Tewasnya Pemuda di Jombang Akibat Dikeroyok Saat Malam Tahun Baru, Gara-gara Postingan di Medsos

Tewasnya Pemuda di Jombang Akibat Dikeroyok Saat Malam Tahun Baru, Gara-gara Postingan di Medsos Petugas saat melakukan pemeriksaan terhadap jenazah korban. foto: AAN AMRULLOH/ BANGSAONLINE

JOMBANG, BANGSAONLINE.com - Pengeroyokan yang dialami Slamet Kuncoro (22), pemuda asal Dusun Besuk Agung, Desa Sumberagung, Kecamatan Peterongan, Kabupaten Jombang, ternyata dipicu postingannya di medsos. 

Korban dikeroyok oleh sejumlah pemuda di wilayah Dusun Bulak, Desa Mojokrapak, Kecamatan Tembelang hingga tewas, pada saat malam pergantian tahun kemarin, Jum'at (01/01/21) dini hari.

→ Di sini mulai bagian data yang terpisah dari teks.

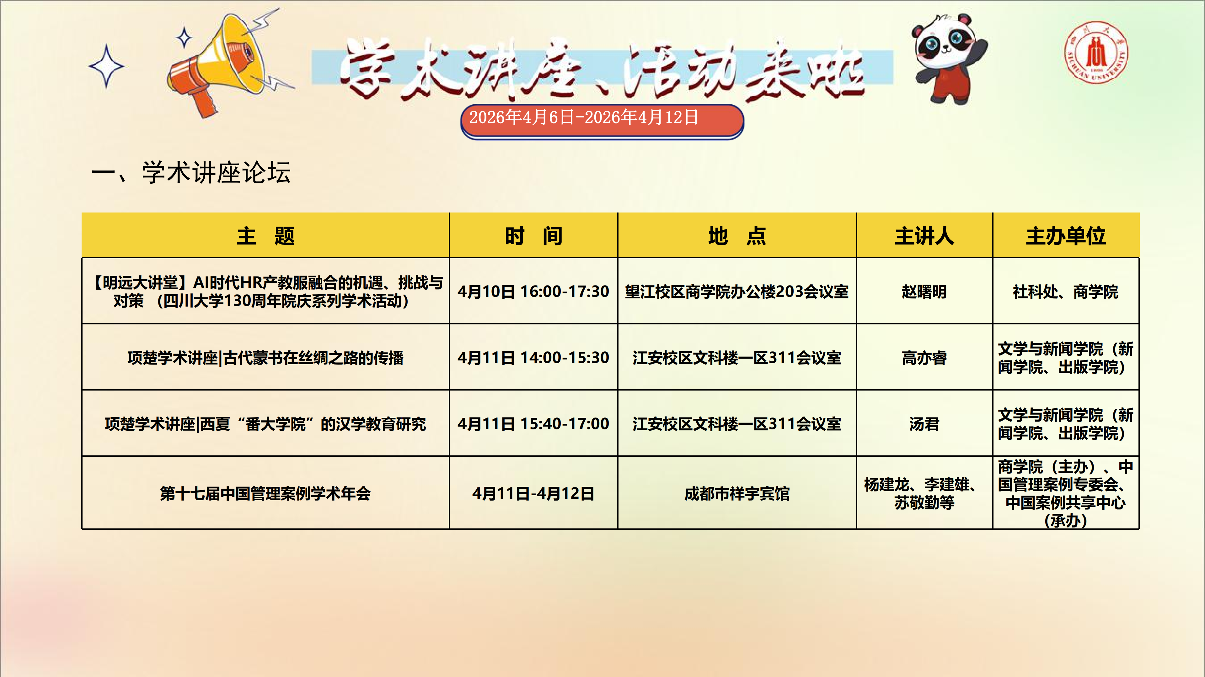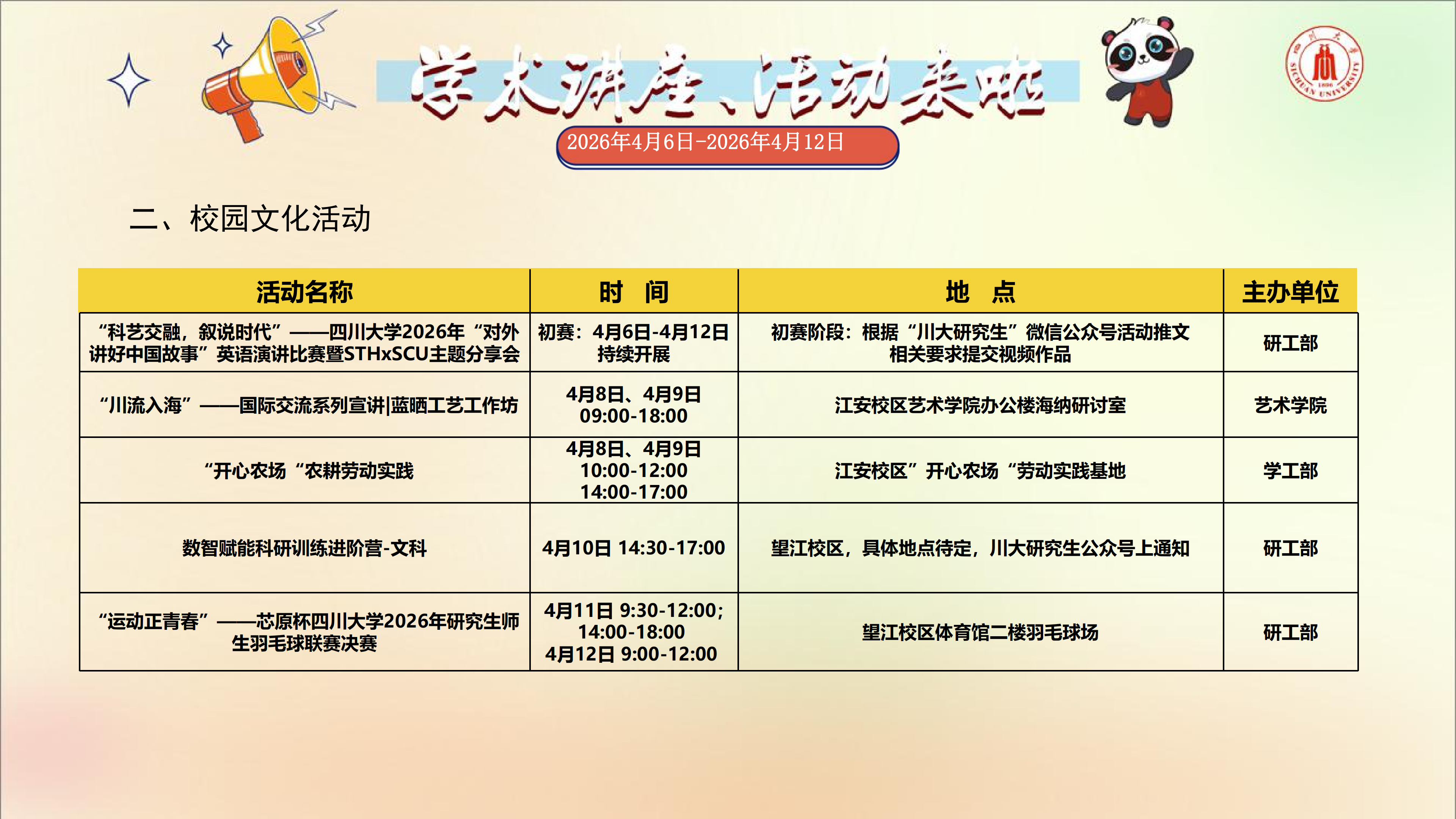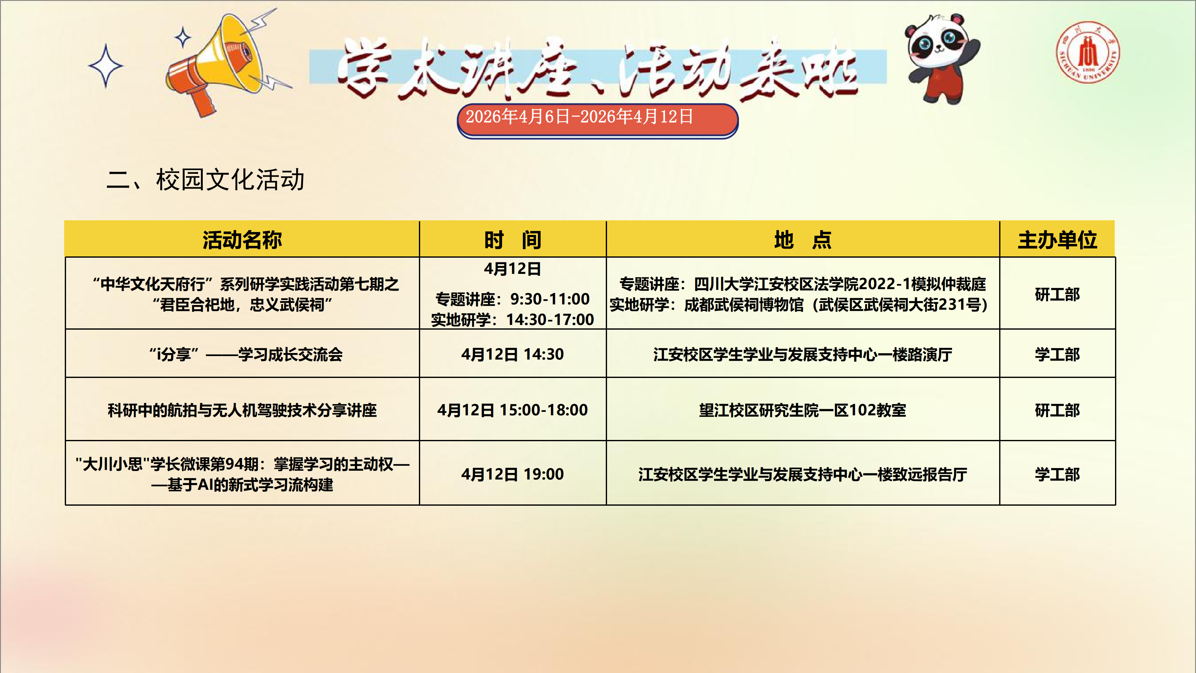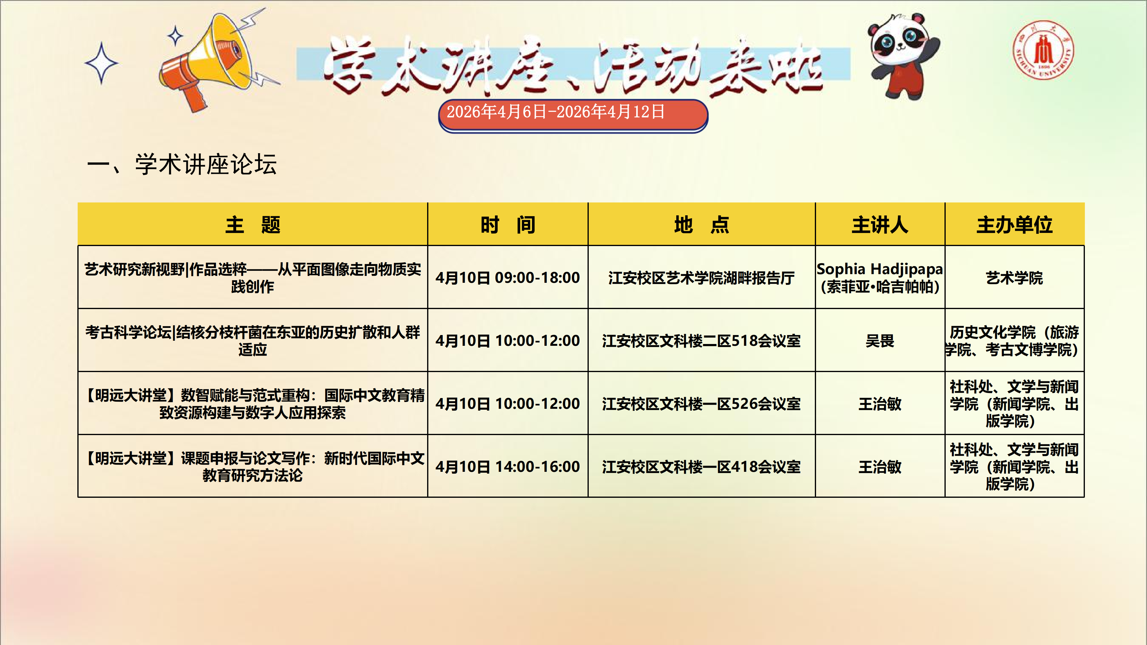 学术讲座与校园文化活动预告(2026年4月6日-2026年4月12日)
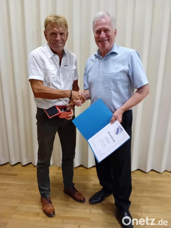 Er gehört schon fast zum Landschaftsbild in und um Hirschau, Ehenfeld, Schnaittenbach oder Freudenberg. Er schiebt und schiebt und rollt durch die Natur. Auch mit 57 Jahren ist Bernhard Langer noch nahezu täglich mit seinen Skirollern unterwegs. "Meistens sind es so zwei Stunden am Tag", erzählt der Skilangläufer aus Hirschau. 1978 hatte Langer beim SC Monte Kaolino mit dem Skilanglauf begonnen, auch heute ist er noch mit der gleichen Begeisterung dabei. Wegen seiner Leistungen und weil er auch Vorbild für Kinder ist, wurde Langer jetzt vom Bayerischen Skiverband ausgezeichnet. Bei einer Feierstunde in Schwarzenfeld erhielt er vom Präsidenten des Oberpfälzer Skiverbandes, Anton Bauernfeind, den "Gläsernen Quader" samt Ehrenbrief des Verbandes. Der wird normalerweise nur an Athleten, die an Weltmeisterschaften oder Olympischen Spielen teilgenommen haben, verliehen.
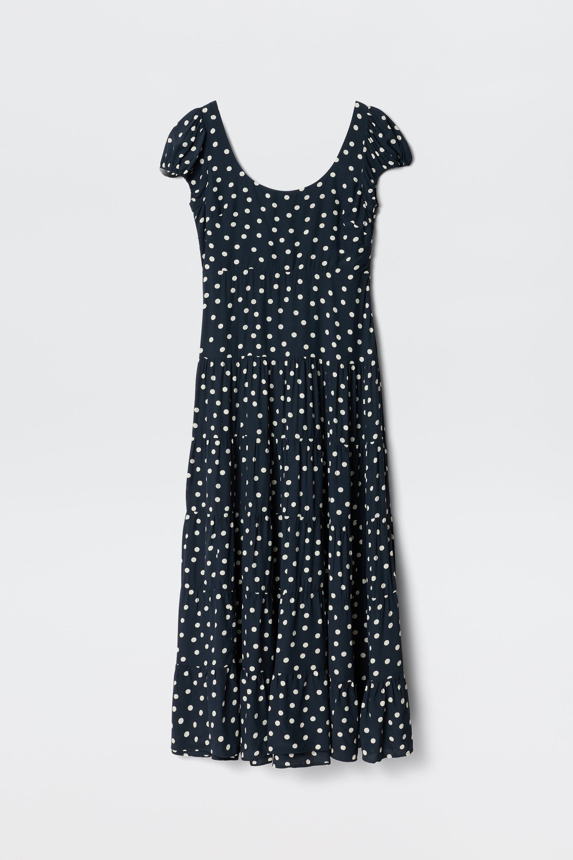 This scoop-neck Remi dress is a new shape for us, and perfect for summer. It has scalloped ruffles through the skirt and puffed cap sleeves. The polka-dot is perfect year round.
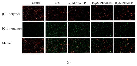 Next, we measured changes in mitochondrial membrane potential (MMP) in MAC-T cells under different treatments using the JC-1 fluorescent probe. The results of this study show that, compared with the control group, MMP is significantly decreased in the LPS group (p < 0.05, Figure 4), and the combined treatment of ZEA and LPS is also significantly decreased (p < 0.05, Figure 4). Compared with the LPS group, the 5 μM ZEA + LPS group is significantly decreased (p < 0.05, Figure 4), and the 15 and 30 μM ZEA + LPS groups are not. This indicates that the combination of LPS and ZEA has a significant effect on mitochondrial damage.

Kapolsek Tembelang, Iptu Radyati Putri Pradini menjelaskan, pengeroyokan itu bermula dari korban yang mengunggah foto di medsos dengan memakai baju salah satu perguruan silat. Padahal, korban bukan warga perguruan tersebut.

Diduga ada yang tidak terima dengan postingan tersebut, sehingga korban dibawa sejumlah pemuda ke Dusun Bulak, pada Kamis (31/12/20) malam.

"Kemungkinan postingan itu ada yang tidak terima. Terus korban dijemput dibawa ke Tembelang untuk menyelesaikan masalah karena korban memakai baju persilatan dan diunggah ke Facebook," tukas Putri.

Atas peristiwa tersebut, polisi kemudian meringkus tiga pelaku penganiayaan yang menewaskan Slamet Kuncoro, pada Jumat (01/01/21) sekitar pukul 06:00 WIB.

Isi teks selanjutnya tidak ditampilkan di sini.